(Source data)
---

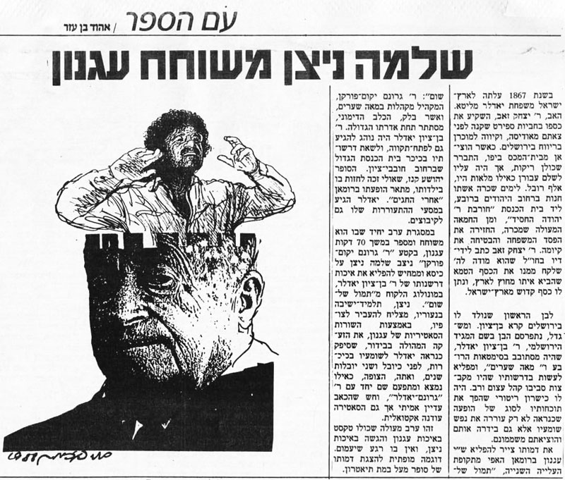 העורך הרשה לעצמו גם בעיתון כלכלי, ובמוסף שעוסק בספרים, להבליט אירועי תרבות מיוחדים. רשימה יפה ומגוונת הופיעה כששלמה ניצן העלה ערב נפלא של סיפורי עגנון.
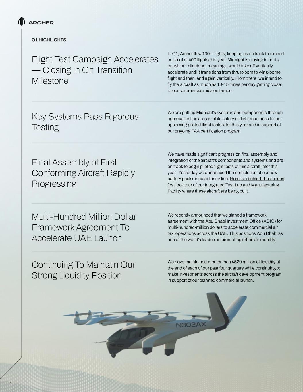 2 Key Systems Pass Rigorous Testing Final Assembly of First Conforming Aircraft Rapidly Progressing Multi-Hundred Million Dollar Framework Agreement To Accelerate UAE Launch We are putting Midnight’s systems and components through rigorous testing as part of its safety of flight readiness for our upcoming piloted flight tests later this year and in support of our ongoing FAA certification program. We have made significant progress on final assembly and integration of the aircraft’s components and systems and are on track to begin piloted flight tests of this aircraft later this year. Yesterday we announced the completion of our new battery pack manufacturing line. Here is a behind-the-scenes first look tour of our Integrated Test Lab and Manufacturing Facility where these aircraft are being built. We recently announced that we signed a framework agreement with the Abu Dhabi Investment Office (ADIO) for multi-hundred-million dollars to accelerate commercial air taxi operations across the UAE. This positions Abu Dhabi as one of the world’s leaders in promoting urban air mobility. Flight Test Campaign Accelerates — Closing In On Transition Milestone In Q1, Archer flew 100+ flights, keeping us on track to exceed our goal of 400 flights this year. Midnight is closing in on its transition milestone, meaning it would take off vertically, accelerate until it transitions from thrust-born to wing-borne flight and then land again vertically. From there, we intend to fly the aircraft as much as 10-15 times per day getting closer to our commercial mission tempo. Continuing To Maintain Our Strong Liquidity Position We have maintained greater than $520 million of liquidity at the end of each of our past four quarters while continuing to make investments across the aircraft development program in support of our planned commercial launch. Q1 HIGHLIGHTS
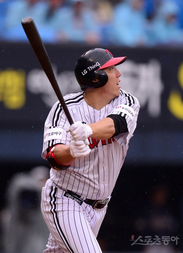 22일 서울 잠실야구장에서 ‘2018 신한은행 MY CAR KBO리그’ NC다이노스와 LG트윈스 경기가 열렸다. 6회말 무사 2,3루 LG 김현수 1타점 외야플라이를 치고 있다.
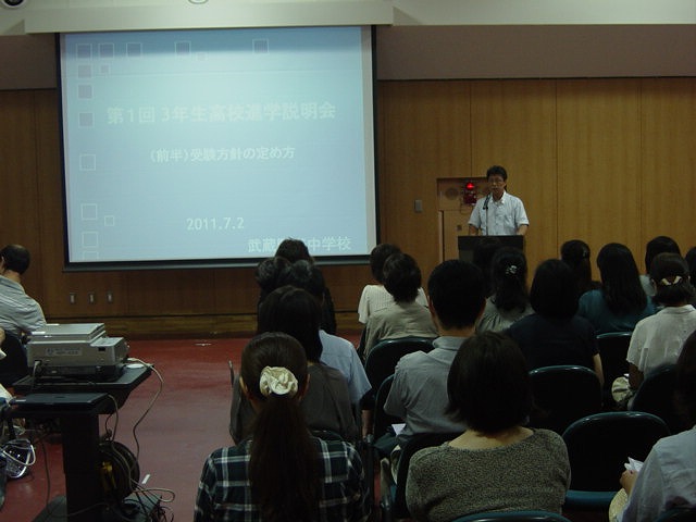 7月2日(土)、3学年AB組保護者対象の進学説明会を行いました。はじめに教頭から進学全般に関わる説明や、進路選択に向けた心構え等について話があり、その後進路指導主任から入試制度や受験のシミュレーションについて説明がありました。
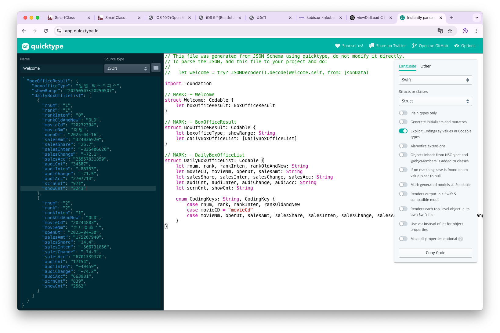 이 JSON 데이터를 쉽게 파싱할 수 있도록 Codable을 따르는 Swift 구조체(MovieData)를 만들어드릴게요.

---

What you should do:
Please set down each entry word for word, without its images.

Response:
 העורך הרשה לעצמו גם בעיתון כלכלי, ובמוסף שעוסק בספרים, להבליט אירועי תרבות מיוחדים. רשימה יפה ומגוונת הופיעה כששלמה ניצן העלה ערב נפלא של סיפורי עגנון.
 2 Key Systems Pass Rigorous Testing Final Assembly of First Conforming Aircraft Rapidly Progressing Multi-Hundred Million Dollar Framework Agreement To Accelerate UAE Launch We are putting Midnight’s systems and components through rigorous testing as part of its safety of flight readiness for our upcoming piloted flight tests later this year and in support of our ongoing FAA certification program. We have made significant progress on final assembly and integration of the aircraft’s components and systems and are on track to begin piloted flight tests of this aircraft later this year. Yesterday we announced the completion of our new battery pack manufacturing line. Here is a behind-the-scenes first look tour of our Integrated Test Lab and Manufacturing Facility where these aircraft are being built. We recently announced that we signed a framework agreement with the Abu Dhabi Investment Office (ADIO) for multi-hundred-million dollars to accelerate commercial air taxi operations across the UAE. This positions Abu Dhabi as one of the world’s leaders in promoting urban air mobility. Flight Test Campaign Accelerates — Closing In On Transition Milestone In Q1, Archer flew 100+ flights, keeping us on track to exceed our goal of 400 flights this year. Midnight is closing in on its transition milestone, meaning it would take off vertically, accelerate until it transitions from thrust-born to wing-borne flight and then land again vertically. From there, we intend to fly the aircraft as much as 10-15 times per day getting closer to our commercial mission tempo. Continuing To Maintain Our Strong Liquidity Position We have maintained greater than $520 million of liquidity at the end of each of our past four quarters while continuing to make investments across the aircraft development program in support of our planned commercial launch. Q1 HIGHLIGHTS
 22일 서울 잠실야구장에서 ‘2018 신한은행 MY CAR KBO리그’ NC다이노스와 LG트윈스 경기가 열렸다. 6회말 무사 2,3루 LG 김현수 1타점 외야플라이를 치고 있다.
 7月2日(土)、3学年AB組保護者対象の進学説明会を行いました。はじめに教頭から進学全般に関わる説明や、進路選択に向けた心構え等について話があり、その後進路指導主任から入試制度や受験のシミュレーションについて説明がありました。
 이 JSON 데이터를 쉽게 파싱할 수 있도록 Codable을 따르는 Swift 구조체(MovieData)를 만들어드릴게요.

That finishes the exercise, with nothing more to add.